2026年8月5日に発表されたレッドワイヤー(RDW)の最新決算は、売上・粗利率・受注残の3つすべてが過去最高。8月7日の株価は+14.88%と急騰しました。ただし、その中身を開けると「ある事実」が見えてきます。今回はこの銘柄を、6軸でシビアに査定していきます。
この記事の要約
- 結論:総合 C(66.5点)。「宇宙の本命」と呼ぶにはまだ早いが、財務の建て直しは本物
- 売上+89.6%の急成長は、その大半が防衛ドローン買収(Edge Autonomy)の効果。宇宙事業本体は前年同期比 -2.6% と横ばい
- 現金5億5,770万ドル・実質無借金へ転換。倒産リスクの議論は終わったが、代わりに「希薄化」という新しい爆弾を抱えている
この記事を読むべき人
- 宇宙関連株でロケットラボ(RKLB)以外の選択肢を探している人
- 「テンバガー候補」と呼ばれる赤字成長株の見極め方を知りたい人
- 防衛・ドローン関連のテーマ株に興味がある人
- RDWを保有中で、最新決算をどう解釈すべきか迷っている人
- 宇宙×AI×防衛の”三重テーマ”銘柄を探している人
レッドワイヤー(RDW)とはどんな会社か
事業内容とビジネスモデル
レッドワイヤーは2020年設立、米フロリダ州ジャクソンビルに本社を置く「宇宙×防衛テック」の統合企業です。従業員は約1,410名。北米と欧州に拠点を持ちます。
ビジネスの基本は受注生産型のハードウェアメーカー。

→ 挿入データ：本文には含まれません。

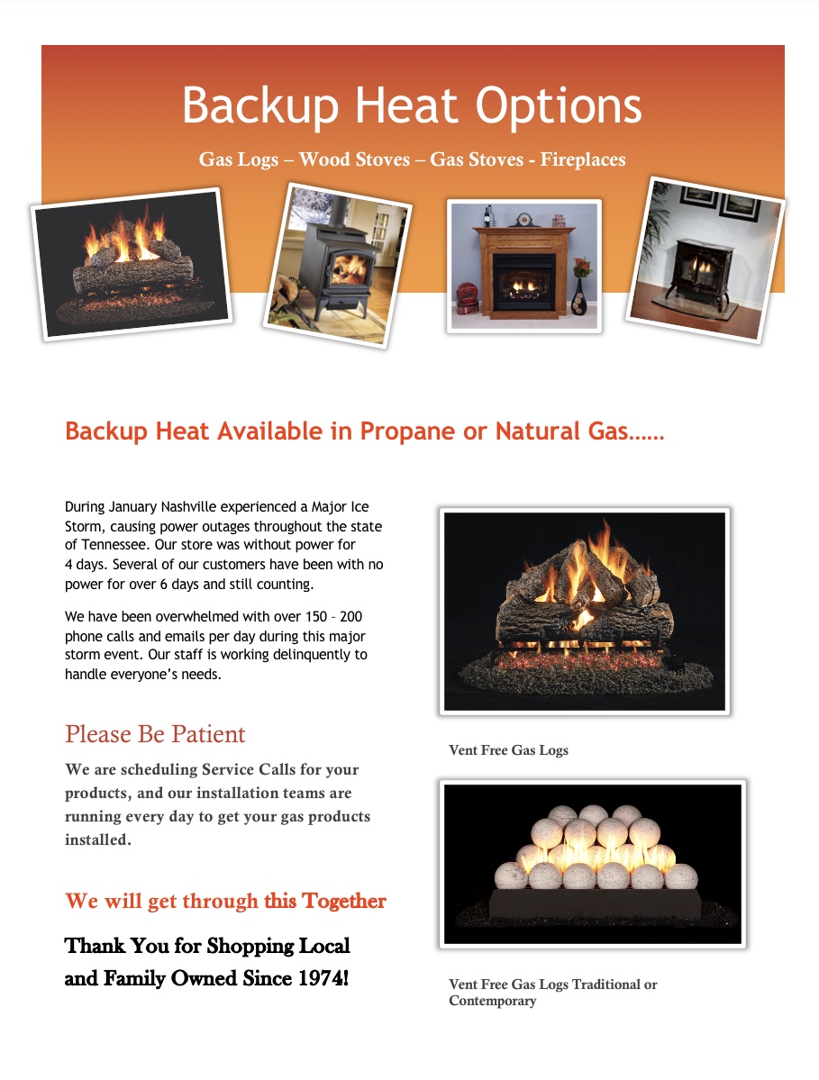 If you currently have a wood burning fireplace and you have Natural or Propane gas in your home or business. This is an easy fix to add backup heat, so you will be prepared in the future for any power outages.

SaaSのような月額課金モデルではなく、政府や宇宙機メーカーから契約を取り、部品やシステムを納める形です。契約はコストプラス型・固定価格型・T&M型が混在しています。
そして最大の特徴が、M&Aで会社を組み上げてきた「ロールアップ企業」であること。2025年6月に無人機メーカーのEdge Autonomyを買収し、これが今の姿を決定づけました。
主力サービス
事業は2つのセグメントに分かれます。
Spaceセグメント(売上構成比47.1%)
- スタートラッカー、サンセンサーなどの航法センサ
- ROSA(ロールアウト型太陽電池アレイ)=宇宙で”巻物”のように広がる発電パネル
- 宇宙機の構造部材・機構部品
- SSA(宇宙状況監視)・PNTペイロード
- PIL-BOX/SpaceMD=微小重力を使った創薬プラットフォーム(累計50回以上の飛行実績)

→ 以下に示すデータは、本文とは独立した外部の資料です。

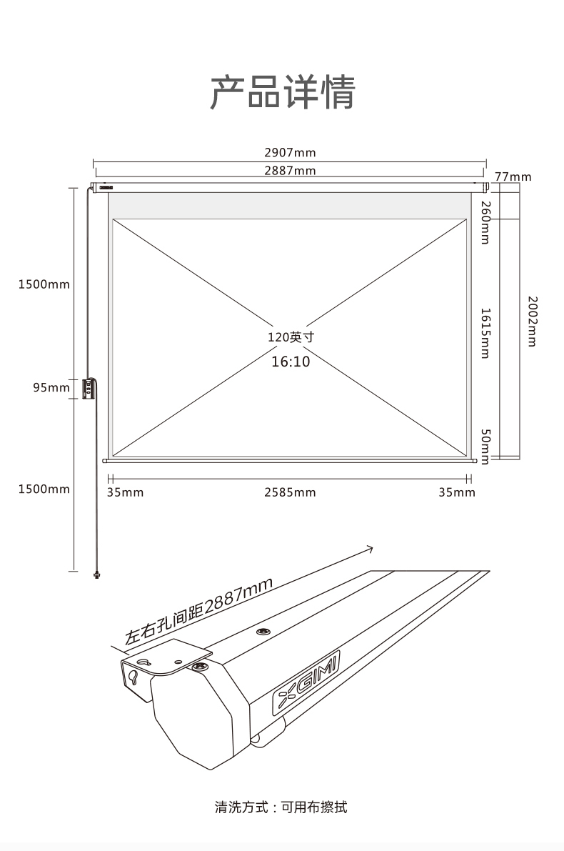 120寸电动幕布,16:10

Defense Techセグメント(売上構成比52.9%)
- Stalkerシリーズ無人航空機(米海兵隊・米陸軍が採用)
- Penguinシリーズ無人航空機(NATO加盟国、台湾沿岸警備隊が採用)
- Octopus ISRペイロード(年初来200基近くを納入、前年比+15%超)
市場でのポジション
レッドワイヤーは「宇宙の主役」ではありません。ロケットも打ち上げないし、衛星コンステレーションも持っていない。
彼らのポジションは、宇宙機に組み込まれるセンサー・電源・構造部品を供給する”裏方”です。地味に聞こえますが、この立ち位置には強みがあります。宇宙機は一度設計に組み込まれた部品を変更すると、再設計と再認証で数年かかる。だから一度入り込めば抜けにくい。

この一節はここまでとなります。